This clearly shows the spiritual significance of a name to the Jews during the ancient time. Let us examine the spiritual significance of an Akan name; names like Donkoh, Kaya, Adakaasa and Ababio are given to children who die during child birth or shortly after child birth and are believed to have been reborn into the same family.

However, there has been a decline in the use of the Akan names and still others who use it blend it with foreign names like ‘John’,’peter’ etc and this is due to Cultural, Religious, and psychological colonialism which is commonly known in our local circles as ‘Modernisation’. The first European nation to reach the shores of Gold coast in 1471 was the Portuguese and last of them to leave Gold Coast after its independence in 1957 was The Great Britain and therefore colonisation of area occupied by the Akan started in the 15th century and ended in the 20th century. Slavery begun in the 1400’s and ended in 1800’s (about 400 years) and during those period, Akans were forced to accept foreign cultures and religion, i.e. dressing and most importantly European names.

Christian names like John, Paul, peter and the rest became the common names following the acceptance of Christianity by the Akans whiles names like Kojo, Osei, and Nana declined greatly and this is what I call ‘identity theft’. The worst of it is that our forebearers accepted these names without knowing it meaning and negative implications.

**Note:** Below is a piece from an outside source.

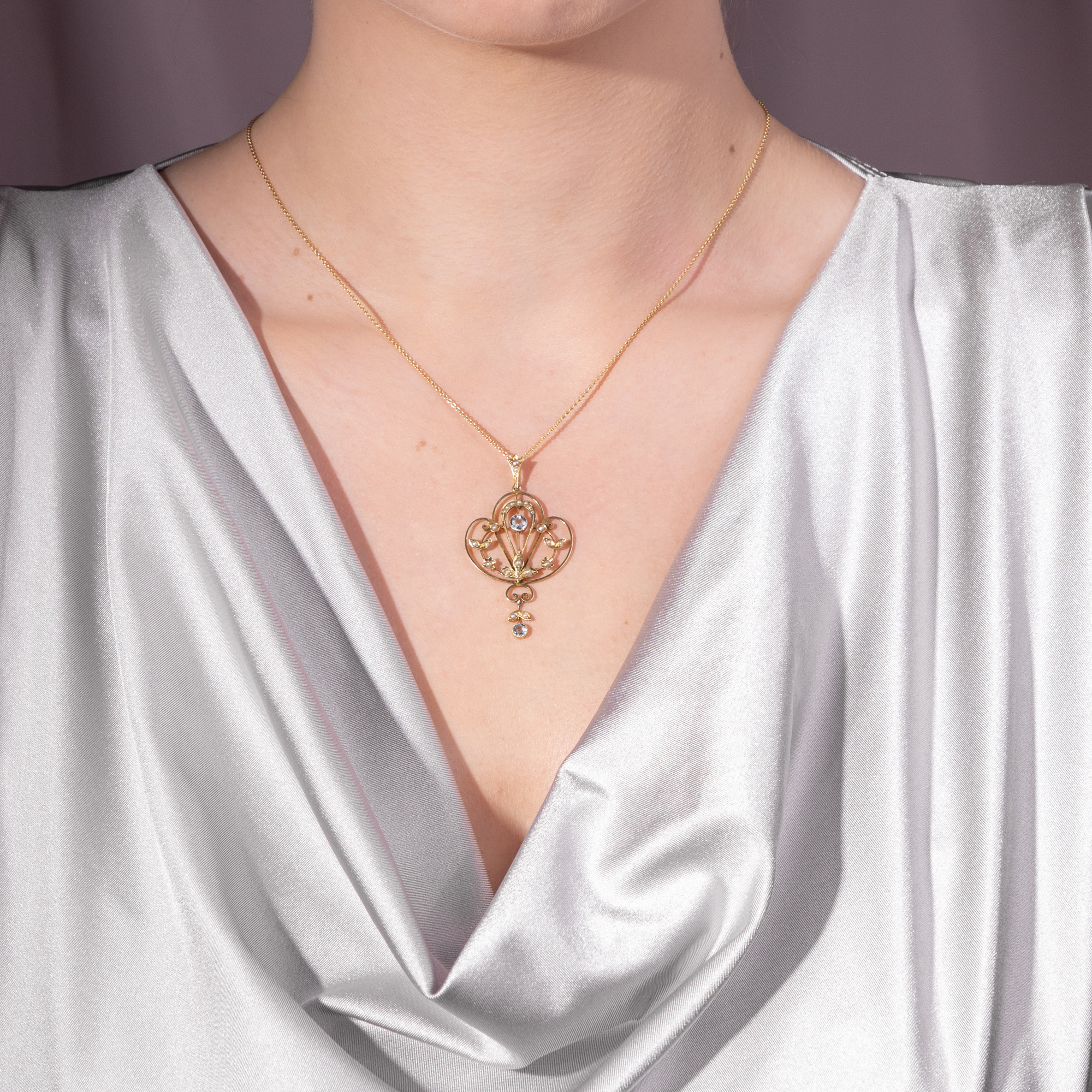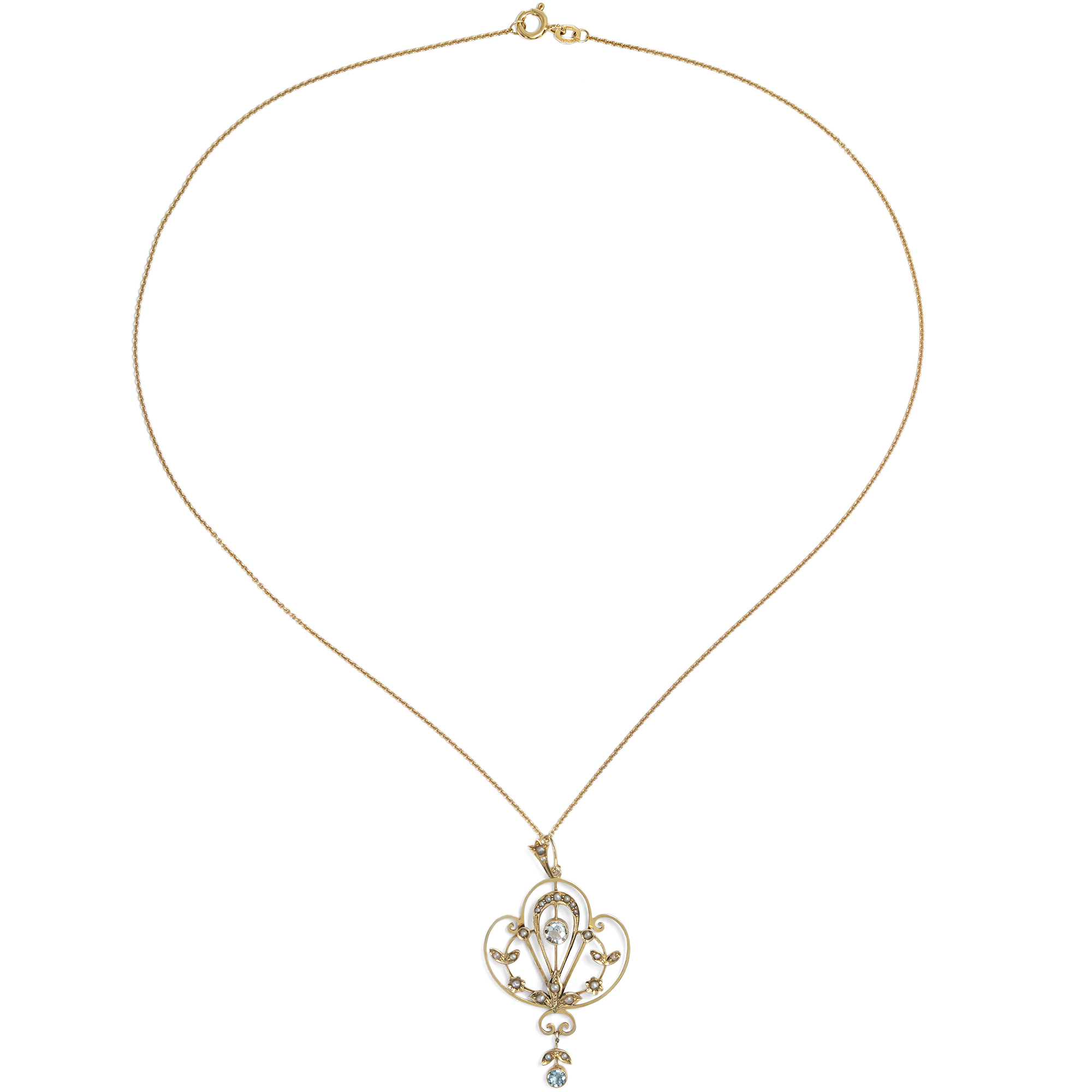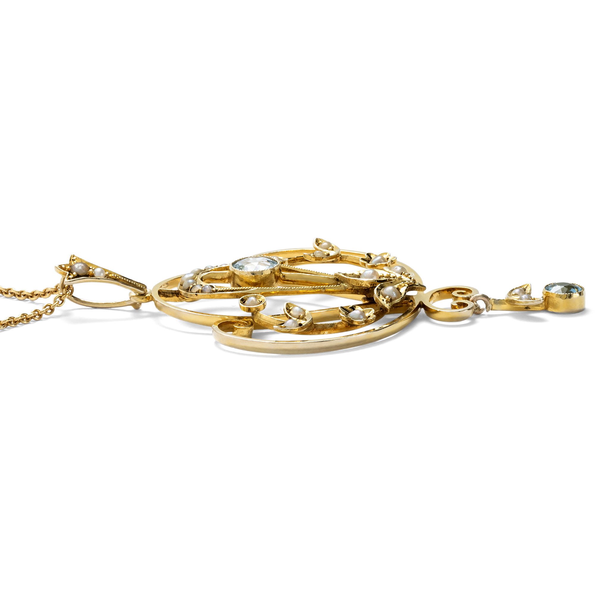 Leichtigkeit war das Ideal der Belle Époque, jener Zeit vor dem Ausbruch des ersten Weltkrieges. Nicht mehr nur der Adel feierte glänzende Feste. Auch das Bürgertum, durch die Industrialisierung zu Reichtum und Ansehen gelangt, wollte an den Sonnenseiten des Lebens teilhaben. Rauschende Bälle, schäumende Champagnerkelche und elegante Salons prägen das Bild jener Zeit. Tagsüber – zum Lunch, zum Nachmittagstee oder zum Besuch bei der Modistin – trug die Dame des frühen 20. Jahrhunderts Goldschmuck in feinen, zarten Formen, besetzt mit Perlen oder den damals noch unter die sogenannten Halbedelsteine gezählten Aquamarinen, Amethysten oder Peridoten. Solch ein Stück liegt auch hier vor. Elegante Schwünge, die an hauchzarte Ranken erinnern, sind zu einem abstrakten Ornament komponiert worden. Kleine, mit Saatperlen besetzte Blätter beleben das Ornament und rahmen zwei blassblaue Aquamarine, die brillant funkeln. Wir haben das feine Schmuckstück in London entdeckt und es um eine zarte Goldkette ergänzt. Es ist zu Beginn des 20. Jahrhunderts in Großbritannien entstanden.

Why not use Akan names like ‘Yeremiah’ (Jeremiah), ‘yona’ (Jonah), ‘josua’ (Joshua) , ‘yohane’ (John) ? Akans now consider their indigenous names as ‘outmoded’ and ‘local’ and foreign ones as ‘modern’ and therefore began to transform their names into so called ‘modernised’ ones i.e. ‘Bosompim’ became ‘Bosomfield’ and ‘Dua’ became ‘Woode’, what a clear ‘Mental slavery’!.

Akans now see their indigenous names as inferior to the foreign ones and this explain why Akans now see themselves inferior to the Europeans. We now see everything from the Europeans as ‘modernisation’ and ours as ‘ancient’ and if Akans continue these absurd practices, then their identity will be erased sooner than later.

Finally, if Akans want to prosper in freedom, then they should re-use their indigenous names, the names that brought up powerful people like Yaa Asantewaa, Okomfo Anokye, Obiri Yeboah and Asebu Amenfi.